La branche des semi-conducteurs à la peine
«La baisse des coûts est une bonne nouvelle sur la tendance long terme de l'IA. En revanche, cela interroge sur la valorisation et le positionnement qui entoure la tech américaine», ajoute Raphaël Thuin. La sortie du dernier modèle de DeepSeek coïncide par ailleurs avec la période de résultats d'entreprises: les données de Microsoft, Meta, Tesla et Apple sont attendues cette semaine.
«Tout ce qui a bénéficié de l'essor de l'IA ces derniers temps a connu une journée difficile aujourd'hui», commente auprès de l'AFP Karl Healing, de LBBW. La branche des semi-conducteurs, dont une grande partie de la croissance est liée à la demande pour l'IA en puces électroniques, a souffert.
Les titres du secteur énergétique plongent aussi
A Amsterdam, ASML a chuté de 7,01%, ASM de 12,15%, BE Semiconductor Industries de 8,17%. Soitec a reculé de 1,06% à Paris et Infineon de 1,91% à Francfort. A Wall Street, Broadcom a dévissé de 17,07%, AMD a lâché 6,37%, Micron a décroché de 11,53% et Marvell Technology a sombré de 11,71%.

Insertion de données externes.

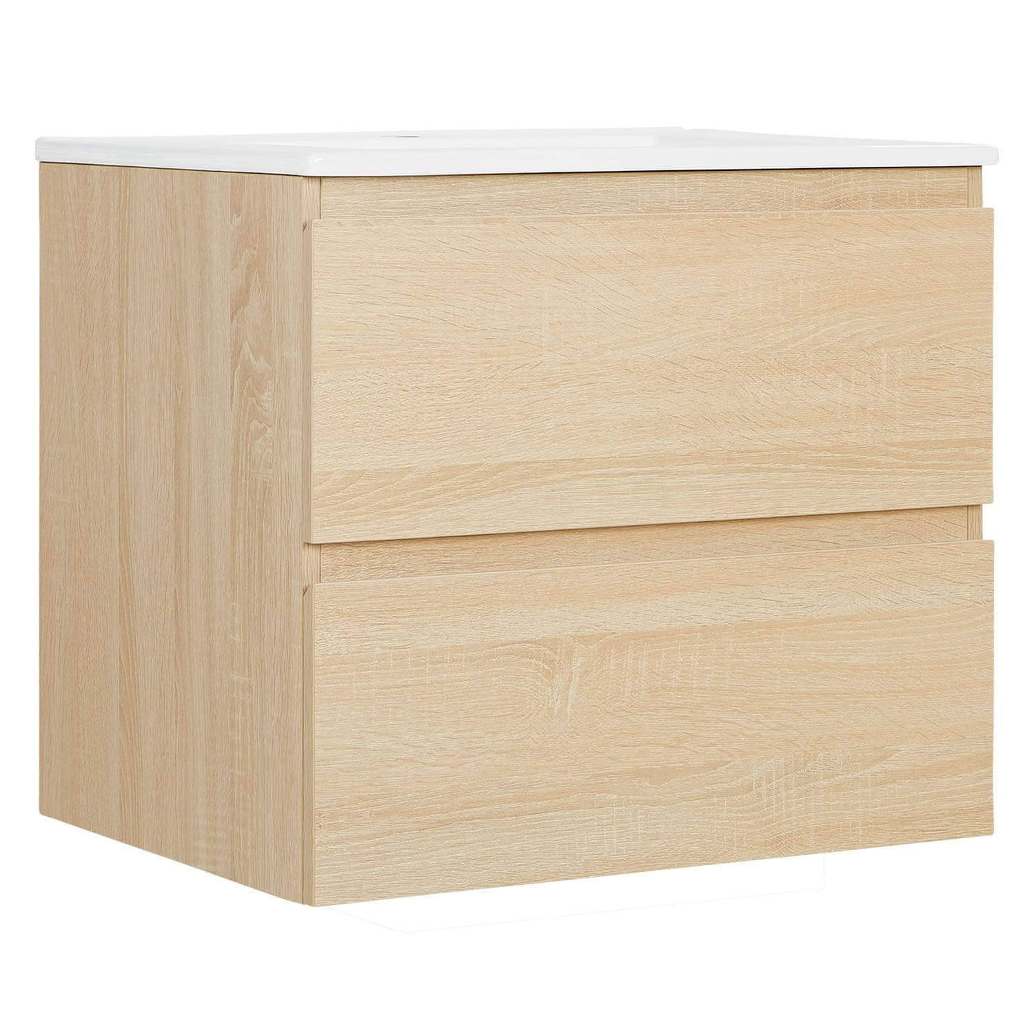 Izboljšajte svojo kopalnico s to elegantno kopalniško omarico, zasnovano za združevanje stila in praktičnosti v kompaktni obliki. Omarica z naravnim hrastovim videzom in sijočim belim keramičnim umivalnikom je idealna tako za glavno kot tudi gostinsko kopalnico. Njeni dve prostorni predali z mehkim zapiranjem nudita dovolj prostora za shranjevanje vaših potrebščin, zato je popolna rešitev za urejeno in brezhibno kopalnico.

Les titres du secteur énergétique se sont écroulés également à New York, DeepSeek remettant en question les besoins en énergie pour le développement de l'IA. Constellation Energy (-20,85%), Vistra Corp (-28,27%), Talen Energy (-21,59%) et GE Vernova (-21,52%) ont sombré.
Dans ce contexte de forte incertitude, les obligations d'Etat, valeurs refuges, étaient demandées, ce qui fait reculer leurs taux d'intérêt. L'emprunt américain atteignait 4,54% vers 22h50 GMT, contre 4,62% la veille en clôture.